XML 50 R18.htm IDEA: XBRL DOCUMENT v3.25.0.1
DEBT
12 Months Ended
Dec. 31, 2024
Debt Disclosure [Abstract]  
DEBT
10.DEBT
The Company’s outstanding debt was as follows:
 As of December 31,
 20242023
Term Loan Facility$317,188 $343,438 
Revolving Credit Facility— — 
Credit Facility317,188 343,438 
Other debt554 843 
Total debt317,742 344,281 
Less - Current maturities of long-term debt(26,423)(26,520)
Less - Unamortized debt issuance costs(1,421)(2,765)
Total long-term debt$289,898 $314,996 
Credit Facility—Our amended credit agreement (as amended, the “Credit Agreement”) provides the Company with senior secured debt financing consisting of the following (collectively, the “Credit Facility”): (i) a senior secured first lien term loan facility (the “Term Loan Facility”) in the aggregate principal amount of $350,000 and (ii) a senior secured first lien revolving credit facility (the “Revolving Credit Facility”) in an aggregate principal amount of up to $75,000 (with a $75,000 limit for the issuance of letters of credit and a $15,000 sublimit for swing line loans). The obligations under the Credit Facility are secured by substantially all assets of the Company and the subsidiary guarantors, subject to certain permitted liens and interests of other parties.
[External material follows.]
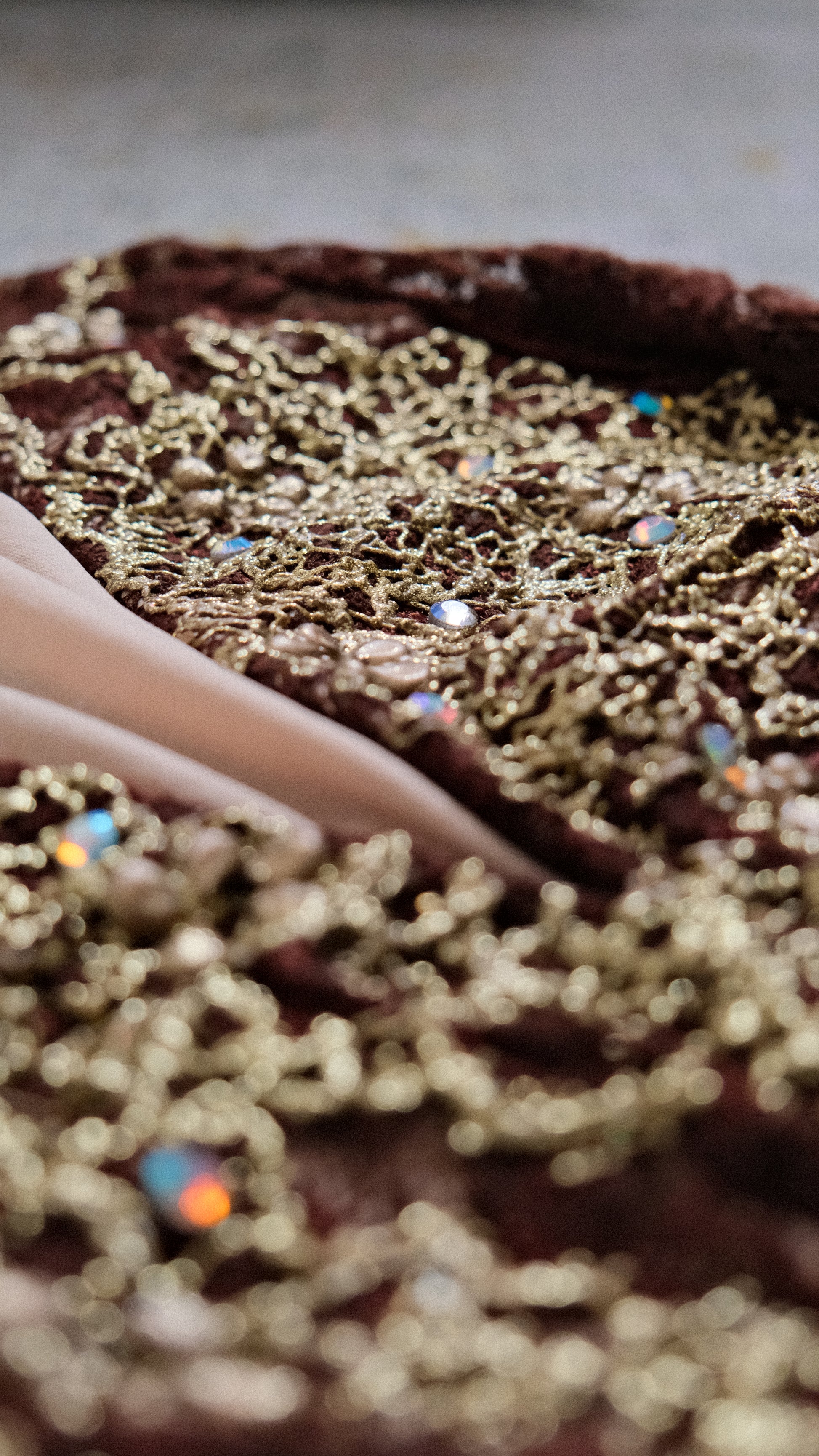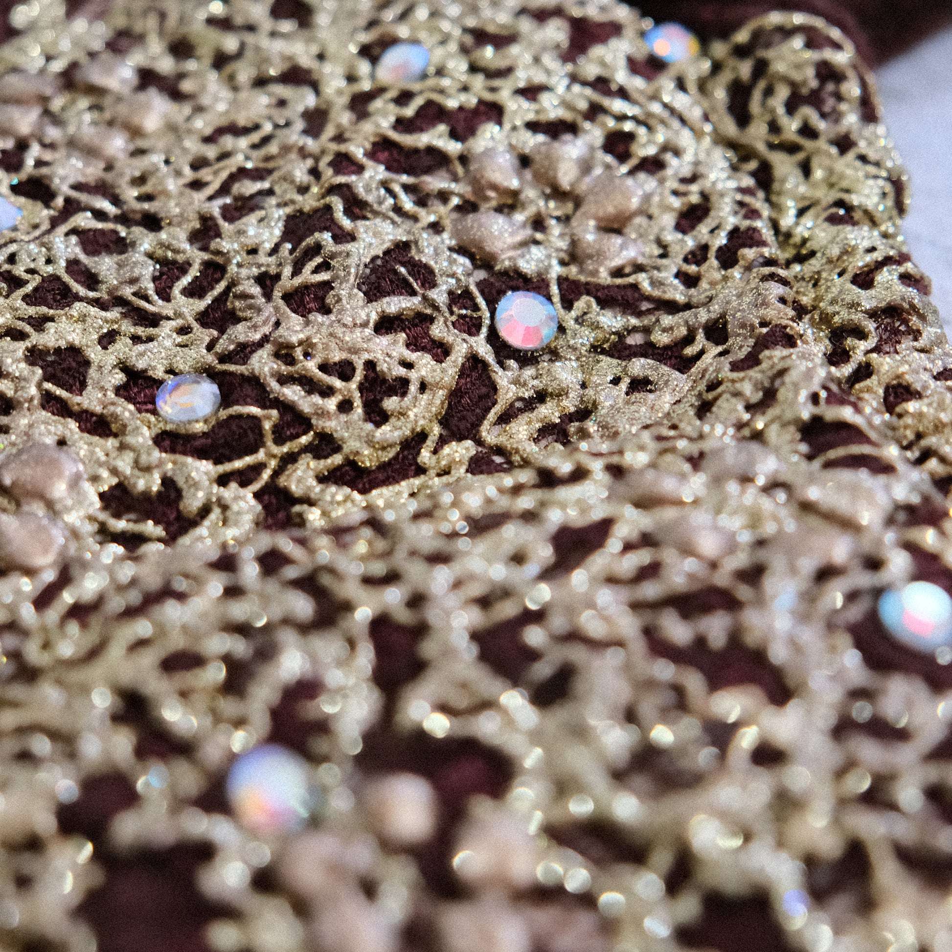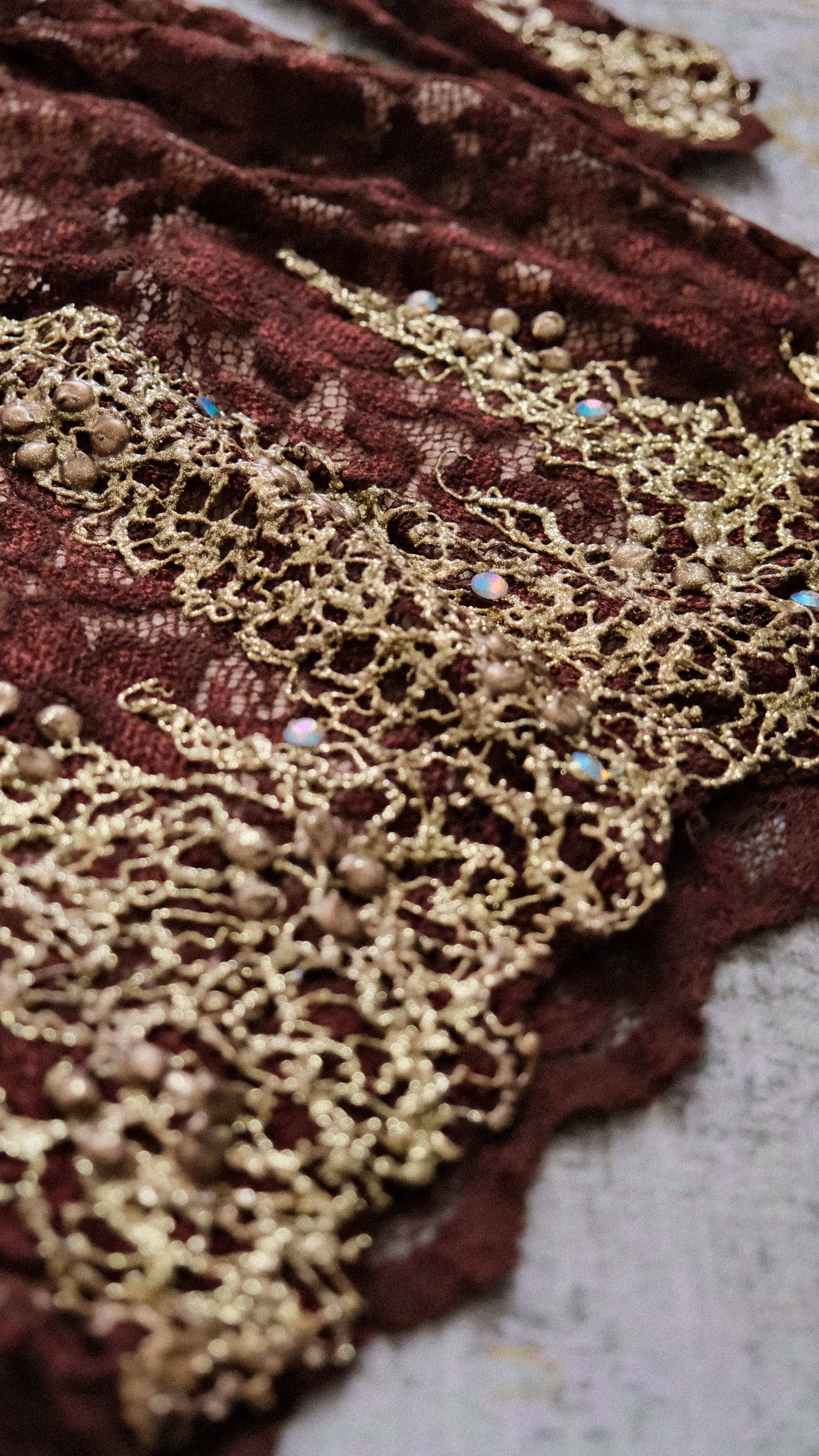 A dress as if woven from the shimmering depths of the ocean itself. A rich brown fabric with painted golden detailing. Back has no golden details.

The Credit Facility will mature on April 2, 2026.
The Credit Agreement contains various affirmative and negative covenants that may, subject to certain exceptions, restrict the ability of us and our subsidiaries to, among other things, grant liens, incur additional indebtedness, make loans, advances or other investments, make non-ordinary course asset sales, declare or pay dividends or make other distributions with respect to equity interests, purchase, redeem or otherwise acquire or retire capital stock or other equity interests, or merge or consolidate with any other person, among various other things. In addition, the Company is required to maintain the following financial covenants:
a Total Leverage Ratio (as defined in the Credit Agreement) at the last day of each fiscal quarter not to be greater than 3.00 to 1.00; and
a Fixed Charge Coverage Ratio (as defined in the Credit Agreement) of not less than 1.20 to 1.00 as of the last day of each fiscal quarter of the Company.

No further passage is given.